*** Begin section ***
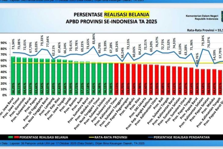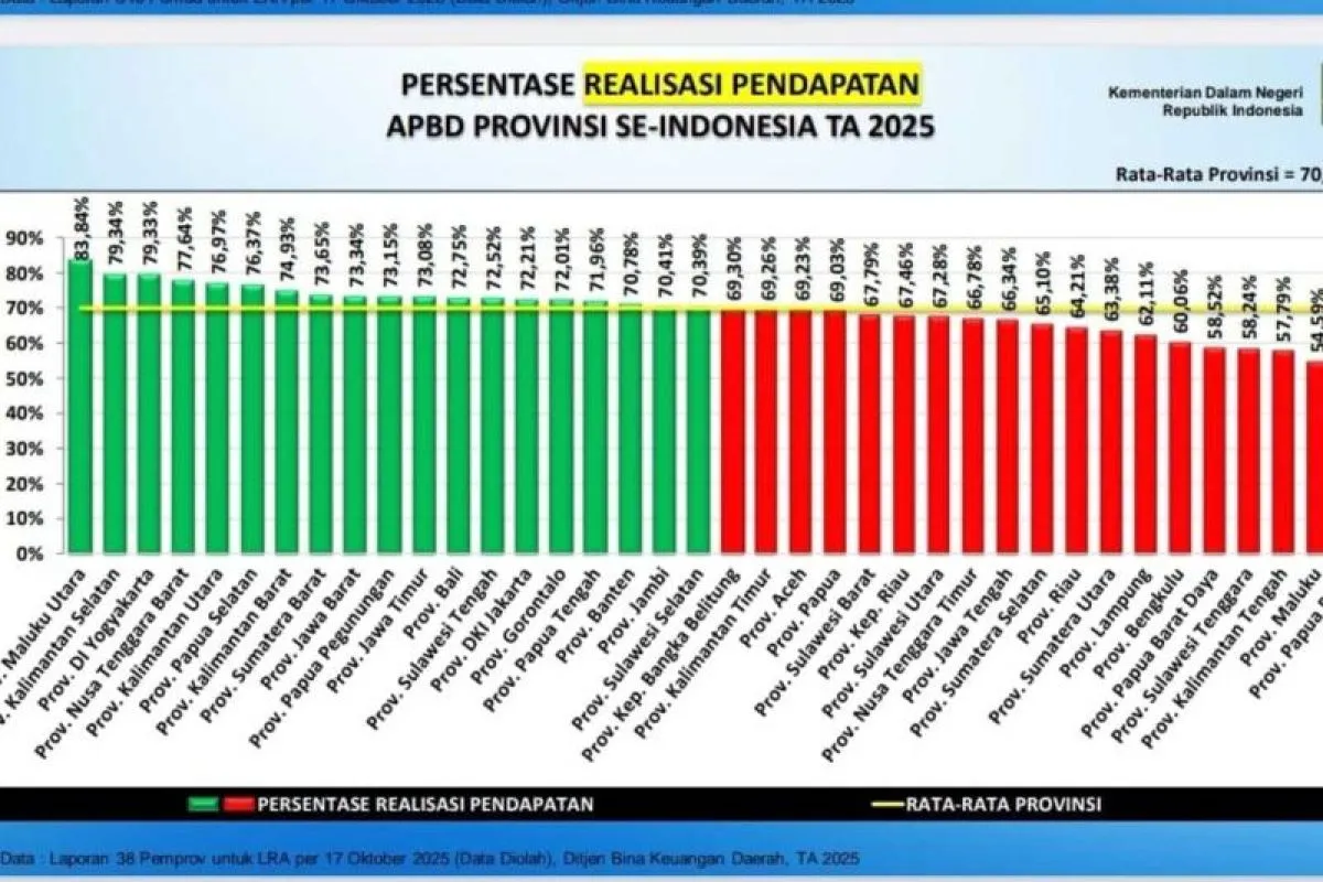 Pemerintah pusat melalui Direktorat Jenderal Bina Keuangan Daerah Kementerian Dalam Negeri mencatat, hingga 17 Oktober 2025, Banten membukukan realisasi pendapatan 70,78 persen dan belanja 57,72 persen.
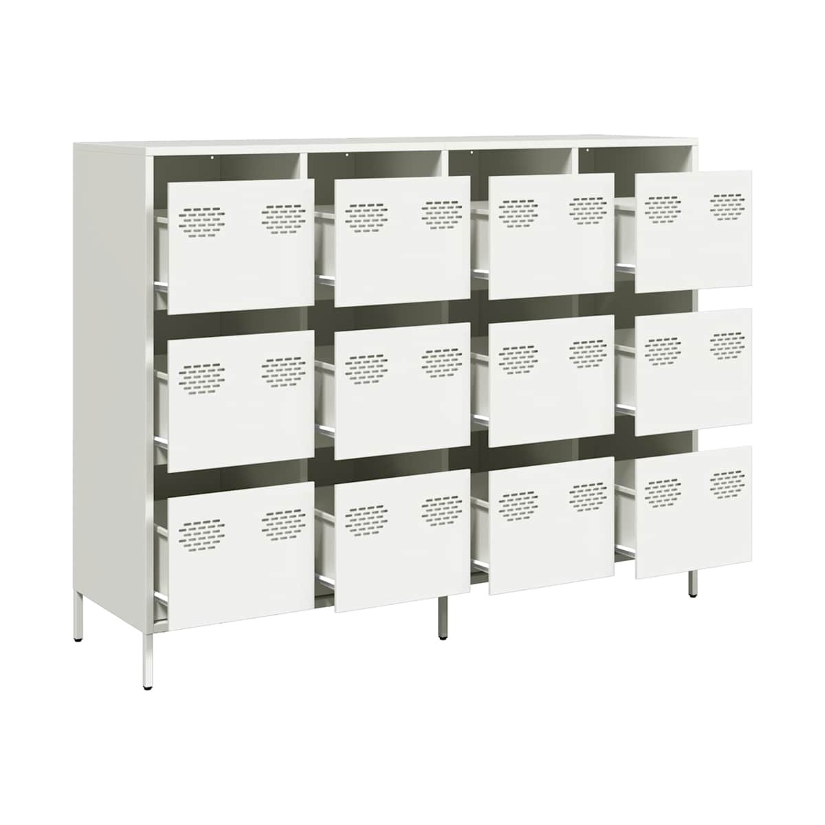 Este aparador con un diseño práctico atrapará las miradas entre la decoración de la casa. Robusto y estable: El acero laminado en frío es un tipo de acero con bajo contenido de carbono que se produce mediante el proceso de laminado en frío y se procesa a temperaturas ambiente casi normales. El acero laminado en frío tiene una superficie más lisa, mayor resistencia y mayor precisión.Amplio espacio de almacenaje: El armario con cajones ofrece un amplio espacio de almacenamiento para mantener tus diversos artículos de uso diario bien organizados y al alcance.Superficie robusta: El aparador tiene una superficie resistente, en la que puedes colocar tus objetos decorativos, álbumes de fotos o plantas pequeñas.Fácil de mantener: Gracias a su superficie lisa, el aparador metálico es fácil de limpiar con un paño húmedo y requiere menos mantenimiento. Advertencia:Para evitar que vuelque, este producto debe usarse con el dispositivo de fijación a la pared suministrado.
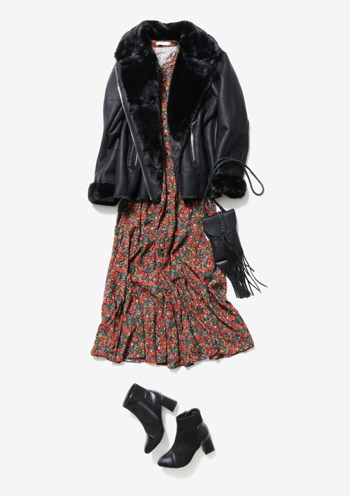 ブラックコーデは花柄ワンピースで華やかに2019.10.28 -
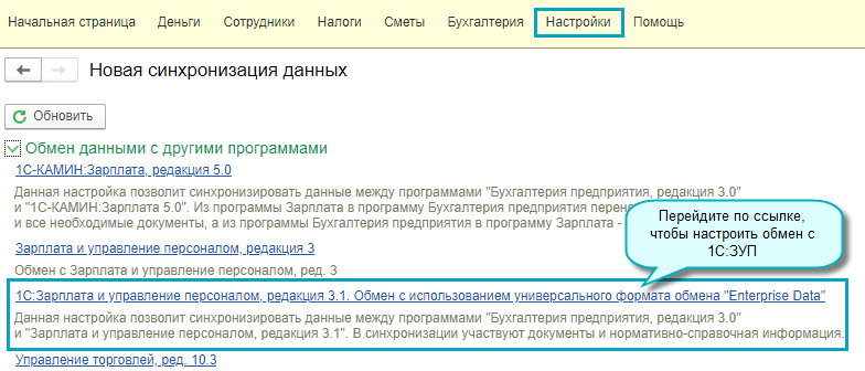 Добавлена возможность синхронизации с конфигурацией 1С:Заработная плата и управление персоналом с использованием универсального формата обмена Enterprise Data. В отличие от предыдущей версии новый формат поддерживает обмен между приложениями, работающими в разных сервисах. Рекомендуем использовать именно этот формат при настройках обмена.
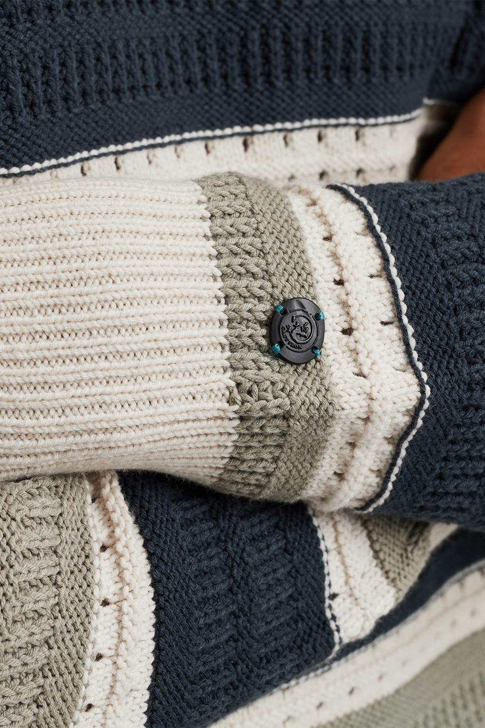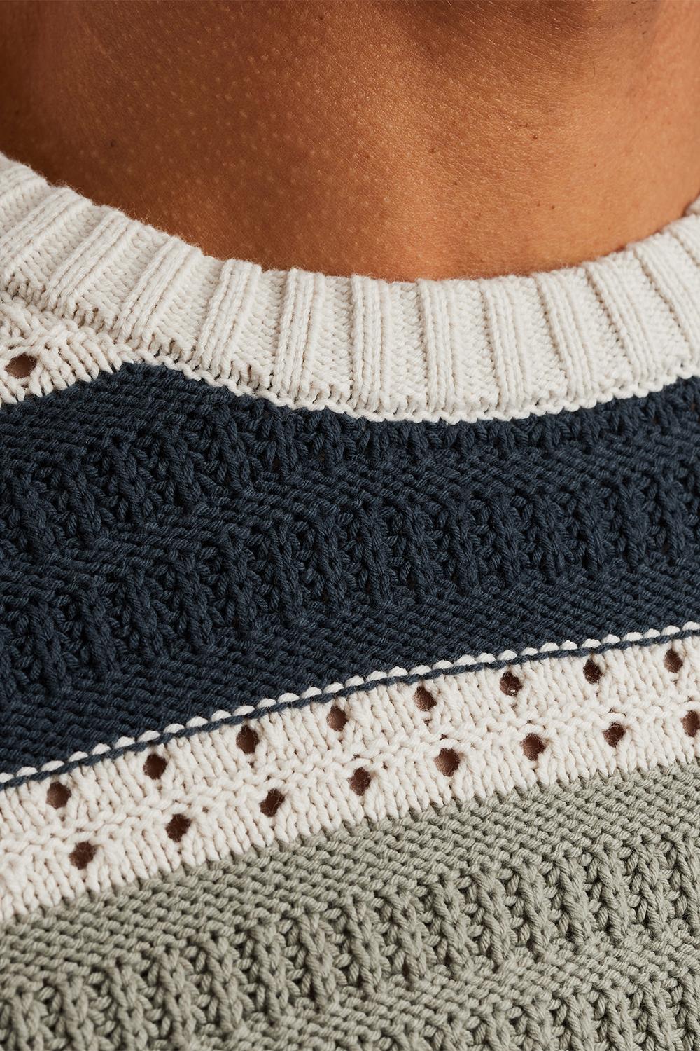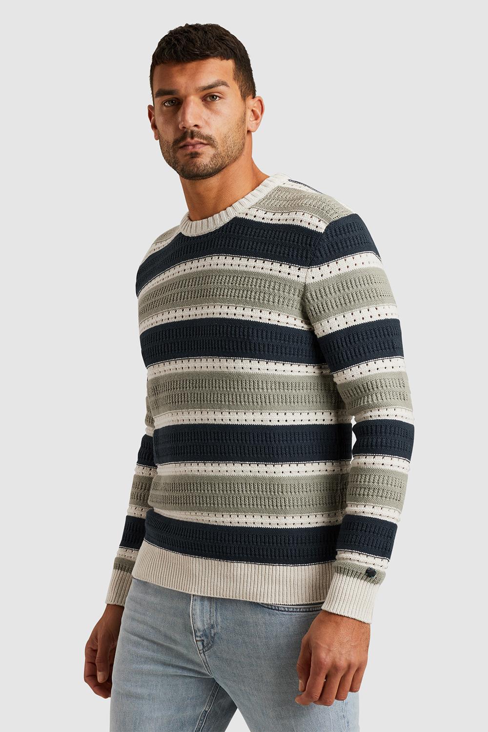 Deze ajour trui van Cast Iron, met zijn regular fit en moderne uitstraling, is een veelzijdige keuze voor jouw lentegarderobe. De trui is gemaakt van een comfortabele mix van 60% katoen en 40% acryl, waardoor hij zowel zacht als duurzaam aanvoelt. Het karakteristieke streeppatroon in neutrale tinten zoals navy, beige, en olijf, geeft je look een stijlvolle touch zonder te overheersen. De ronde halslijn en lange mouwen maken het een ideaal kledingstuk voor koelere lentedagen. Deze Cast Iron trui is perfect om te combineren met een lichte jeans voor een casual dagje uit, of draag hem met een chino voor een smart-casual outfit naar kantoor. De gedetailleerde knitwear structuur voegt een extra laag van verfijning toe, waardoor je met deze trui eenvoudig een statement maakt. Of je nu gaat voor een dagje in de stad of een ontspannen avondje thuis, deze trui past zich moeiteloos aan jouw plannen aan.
*** End section ***
→ Problem
Restate the full listing verbatim and drop every picture.

→ Response
 Pemerintah pusat melalui Direktorat Jenderal Bina Keuangan Daerah Kementerian Dalam Negeri mencatat, hingga 17 Oktober 2025, Banten membukukan realisasi pendapatan 70,78 persen dan belanja 57,72 persen.
 Este aparador con un diseño práctico atrapará las miradas entre la decoración de la casa. Robusto y estable: El acero laminado en frío es un tipo de acero con bajo contenido de carbono que se produce mediante el proceso de laminado en frío y se procesa a temperaturas ambiente casi normales. El acero laminado en frío tiene una superficie más lisa, mayor resistencia y mayor precisión.Amplio espacio de almacenaje: El armario con cajones ofrece un amplio espacio de almacenamiento para mantener tus diversos artículos de uso diario bien organizados y al alcance.Superficie robusta: El aparador tiene una superficie resistente, en la que puedes colocar tus objetos decorativos, álbumes de fotos o plantas pequeñas.Fácil de mantener: Gracias a su superficie lisa, el aparador metálico es fácil de limpiar con un paño húmedo y requiere menos mantenimiento. Advertencia:Para evitar que vuelque, este producto debe usarse con el dispositivo de fijación a la pared suministrado.
 ブラックコーデは花柄ワンピースで華やかに2019.10.28 -
 Добавлена возможность синхронизации с конфигурацией 1С:Заработная плата и управление персоналом с использованием универсального формата обмена Enterprise Data. В отличие от предыдущей версии новый формат поддерживает обмен между приложениями, работающими в разных сервисах. Рекомендуем использовать именно этот формат при настройках обмена.
 Deze ajour trui van Cast Iron, met zijn regular fit en moderne uitstraling, is een veelzijdige keuze voor jouw lentegarderobe. De trui is gemaakt van een comfortabele mix van 60% katoen en 40% acryl, waardoor hij zowel zacht als duurzaam aanvoelt. Het karakteristieke streeppatroon in neutrale tinten zoals navy, beige, en olijf, geeft je look een stijlvolle touch zonder te overheersen. De ronde halslijn en lange mouwen maken het een ideaal kledingstuk voor koelere lentedagen. Deze Cast Iron trui is perfect om te combineren met een lichte jeans voor een casual dagje uit, of draag hem met een chino voor een smart-casual outfit naar kantoor. De gedetailleerde knitwear structuur voegt een extra laag van verfijning toe, waardoor je met deze trui eenvoudig een statement maakt. Of je nu gaat voor een dagje in de stad of een ontspannen avondje thuis, deze trui past zich moeiteloos aan jouw plannen aan.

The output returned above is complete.